Hemenway C S, Halligan B W, Levy L S
Department of Pediatrics, Tulane Cancer Center, Tulane University School of Medicine, New Orleans, Louisiana 70112, USA.
Oncogene. 1998 May 14;16(19):2541-7. doi: 10.1038/sj.onc.1202042.
Experimentally-induced mutations in the C3HC4 RING finger domain of the Bmi-1 oncoprotein block its ability to induce lymphomas in mice. In this report, the role of the Bmi-1 RING finger in mediating protein-protein interactions is examined using the yeast two-hybrid system.
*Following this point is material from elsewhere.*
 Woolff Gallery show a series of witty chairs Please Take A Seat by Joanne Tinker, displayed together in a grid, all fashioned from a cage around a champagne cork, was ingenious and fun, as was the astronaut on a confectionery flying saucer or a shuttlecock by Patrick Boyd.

Bmi-1 interacts directly with the RING finger protein dinG/RING1B. Heterodimerization of the two proteins requires the intact RING finger structures of both Bmi-1 and dinG. Although the RING finger domains are necessary for dimerization, they are not sufficient for this process as residues outside the C3HC4 motif are also required. Thus, binding specificity may be partly conferred by residues outside the RING motif. Both Bmi-1 and dinG interact with the Polyhomeotic protein MPh2 through binding domains apart from the RING finger. The data suggest a model whereby Bmi-1, dinG, and MPh2 form a stable heterotrimeric complex in which each protein contributes to the binding of the others.
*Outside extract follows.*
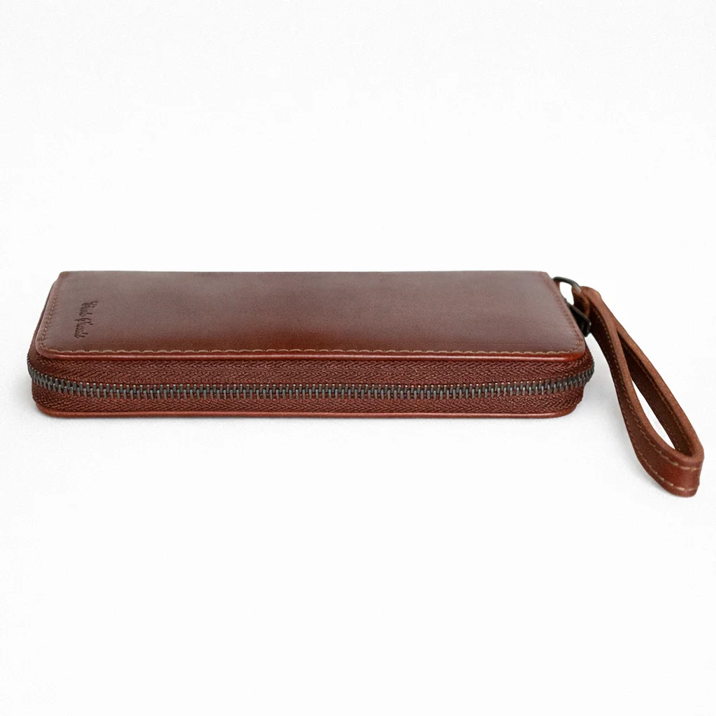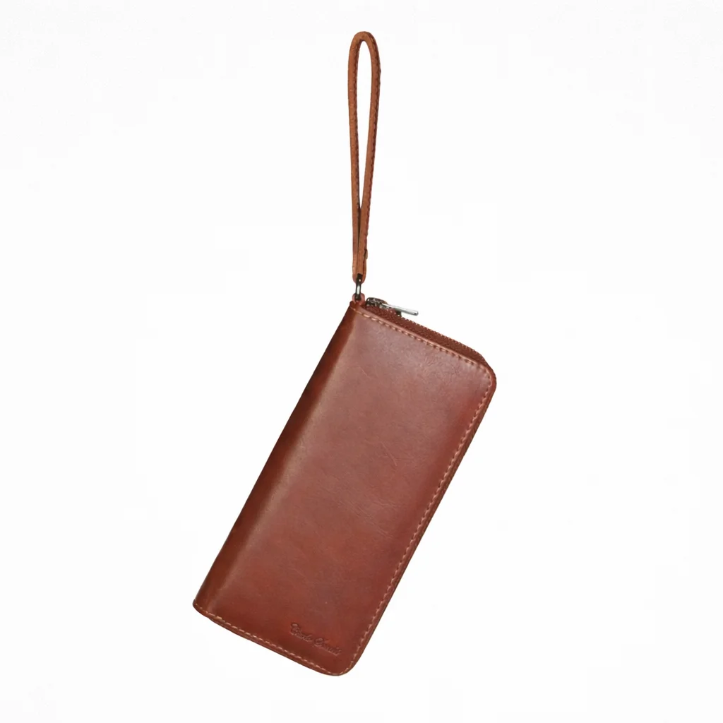 Womens leather clutch wallet with zip red

实验诱导的Bmi-1癌蛋白C3HC4型锌指结构域突变会阻碍其在小鼠体内诱导淋巴瘤的能力。在本报告中,利用酵母双杂交系统研究了Bmi-1锌指在介导蛋白质-蛋白质相互作用中的作用。Bmi-1直接与锌指蛋白dinG/RING1B相互作用。两种蛋白质的异源二聚化需要Bmi-1和dinG两者完整的锌指结构。虽然锌指结构域对于二聚化是必需的,但它们对于这个过程并不充分,因为C3HC4基序之外的残基也是必需的。因此,结合特异性可能部分由锌指基序之外的残基赋予。Bmi-1和dinG都通过除锌指之外的结合结构域与多同源蛋白MPh2相互作用。数据表明了一种模型,即Bmi-1、dinG和MPh2形成一个稳定的异源三聚体复合物,其中每种蛋白质都有助于其他蛋白质的结合。